Synergistic regulation in aramid nanofiber-based composite aerogels for thermo-acoustic insulating applications

Ultralight aerogels are advanced materials with great potential for thermal insulation and noise reduction in the construction industry. The development of integrated thermoacoustic materials, combining thermal and acoustic insulation with sound absorption, is driven by diverse material choices and composite structural designs to enhance comfort and minimize noise. In this work, we developed an ultra-lightweight thermoacoustic synergistic aramid nanofiber aerogel that exhibits low thermal conductivity (0.034 W/(m*K)) with superior acoustic absorption and sound insulation capabilities. It was achieved by modulating the cross-linking agent content (waterborne polyurethanes) and inducing a bead-like pore structure among the internal nanofibers through a meticulous crushing-crosslinking-homogenizing casting process. Furthermore, we fabricated a bilayer composite perforated aerogel by employing a composite structure design. This structure demonstrated the high noise reduction coefficient (NRC) of 0.485 and the excellent average sound transmission loss (STL) of 18.4 dB across the frequency range of 800-6300 Hz.
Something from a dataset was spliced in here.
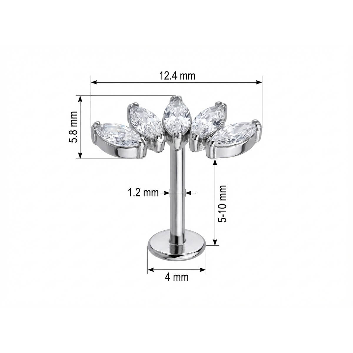 Dai una svolta al tuo look con questo design scintillante. Caratterizzato da cinque pietre taglio marquise che seguono la curva dell'orecchio, è l'accessorio perfetto per brillare ogni giorno. Realizzato in Titanio di alta qualità, è sicuro sulla pelle e super resistente. Ideale per Helix o Conch, per un tocco di luce irresistibile.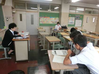 今日も小野先生にご指導いただきました。部活動の合い間をぬって、学びに来ている生徒もいます。明日は、漢字検定です。生涯学習資格として、卒業するまでに、英検・漢検・数検に合格しましょう。自主勉強ができますので、ぜひ、チャレンジしてみましょう。2年生の中にも、すでに高校卒業程度という英検準2級にチャレンジしている生徒もいます。

In conclusion, we prepared waterborne polyurethane/aramid aerogels by composite structure design, and then successfully engineered thermoacoustic composite aramid aerogels with a harmonized performance in thermal insulation, acoustic absorption, and sound insulation. The excellent performance of the thermoacoustic material holds the promise of being an innovative and efficient alternative to noise-reducing and insulating building materials.